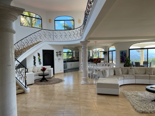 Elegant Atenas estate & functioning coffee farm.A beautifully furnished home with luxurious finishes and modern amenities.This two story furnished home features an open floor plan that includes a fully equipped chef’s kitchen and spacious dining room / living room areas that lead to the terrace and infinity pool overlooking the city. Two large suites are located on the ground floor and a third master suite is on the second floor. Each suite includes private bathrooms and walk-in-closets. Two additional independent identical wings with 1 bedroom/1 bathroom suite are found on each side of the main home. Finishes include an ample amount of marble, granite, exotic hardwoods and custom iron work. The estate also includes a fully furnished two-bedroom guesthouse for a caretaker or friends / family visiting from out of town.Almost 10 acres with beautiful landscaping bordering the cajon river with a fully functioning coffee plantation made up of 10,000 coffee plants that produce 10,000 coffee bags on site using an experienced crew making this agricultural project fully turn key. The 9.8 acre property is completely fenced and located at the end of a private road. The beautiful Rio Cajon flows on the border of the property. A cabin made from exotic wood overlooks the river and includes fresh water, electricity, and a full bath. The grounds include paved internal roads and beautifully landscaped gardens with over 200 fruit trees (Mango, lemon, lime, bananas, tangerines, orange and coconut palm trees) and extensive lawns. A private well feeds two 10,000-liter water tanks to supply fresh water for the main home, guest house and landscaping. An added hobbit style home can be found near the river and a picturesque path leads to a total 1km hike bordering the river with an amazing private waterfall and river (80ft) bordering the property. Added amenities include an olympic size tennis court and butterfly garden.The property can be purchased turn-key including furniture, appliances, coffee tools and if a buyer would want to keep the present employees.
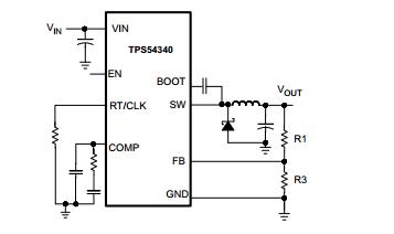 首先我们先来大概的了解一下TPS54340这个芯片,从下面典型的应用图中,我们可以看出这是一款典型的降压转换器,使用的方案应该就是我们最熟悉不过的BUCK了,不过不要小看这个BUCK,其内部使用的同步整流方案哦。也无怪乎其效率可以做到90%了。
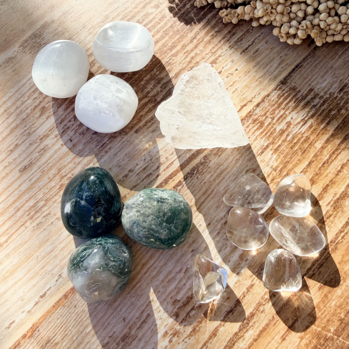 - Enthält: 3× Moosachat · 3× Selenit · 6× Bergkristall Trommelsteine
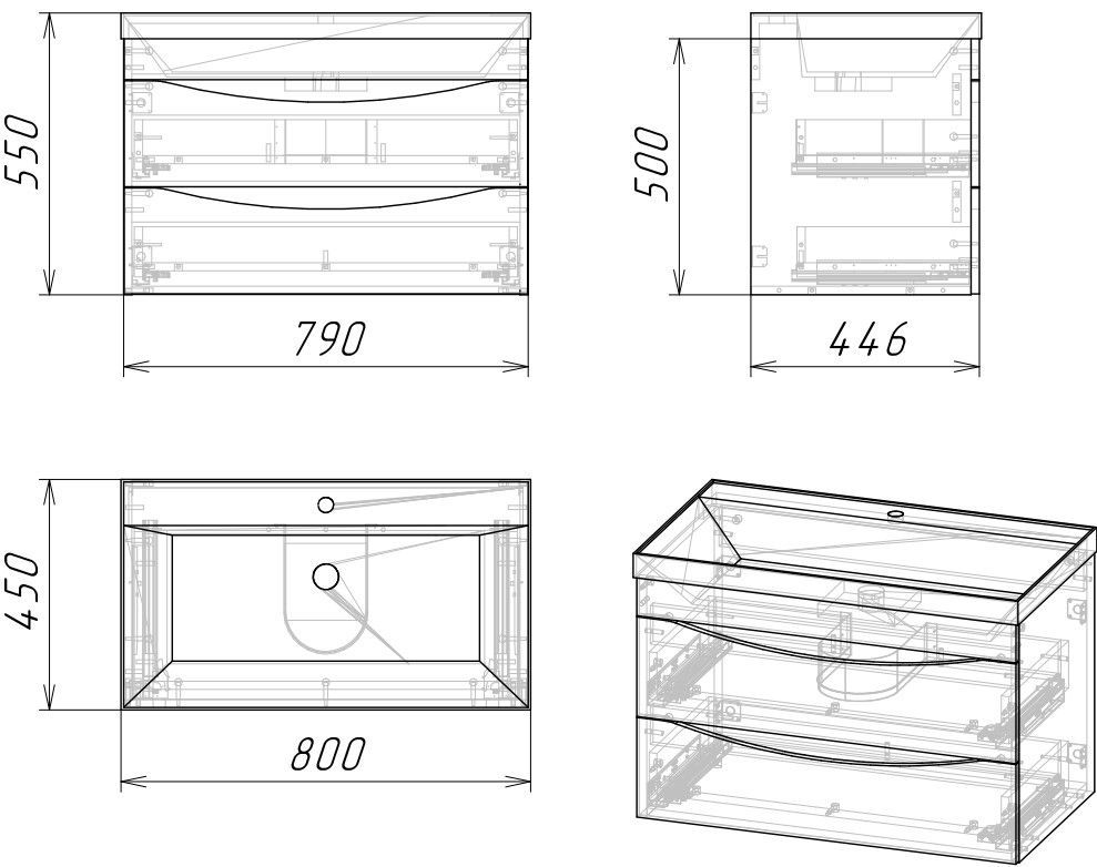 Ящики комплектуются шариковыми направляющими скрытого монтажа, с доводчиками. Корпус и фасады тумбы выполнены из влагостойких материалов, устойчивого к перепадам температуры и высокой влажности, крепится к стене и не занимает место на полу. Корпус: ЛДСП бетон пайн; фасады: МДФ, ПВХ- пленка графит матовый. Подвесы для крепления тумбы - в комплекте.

┄┄┄┄┄┄

**WHAT THE TASK REQUIRES**
Pictures excluded, copy exactly the lines running from the one with "- Enthält: 3×" through the last line of the material.

**WRITTEN ANSWER**
 - Enthält: 3× Moosachat · 3× Selenit · 6× Bergkristall Trommelsteine
 Ящики комплектуются шариковыми направляющими скрытого монтажа, с доводчиками. Корпус и фасады тумбы выполнены из влагостойких материалов, устойчивого к перепадам температуры и высокой влажности, крепится к стене и не занимает место на полу. Корпус: ЛДСП бетон пайн; фасады: МДФ, ПВХ- пленка графит матовый. Подвесы для крепления тумбы - в комплекте.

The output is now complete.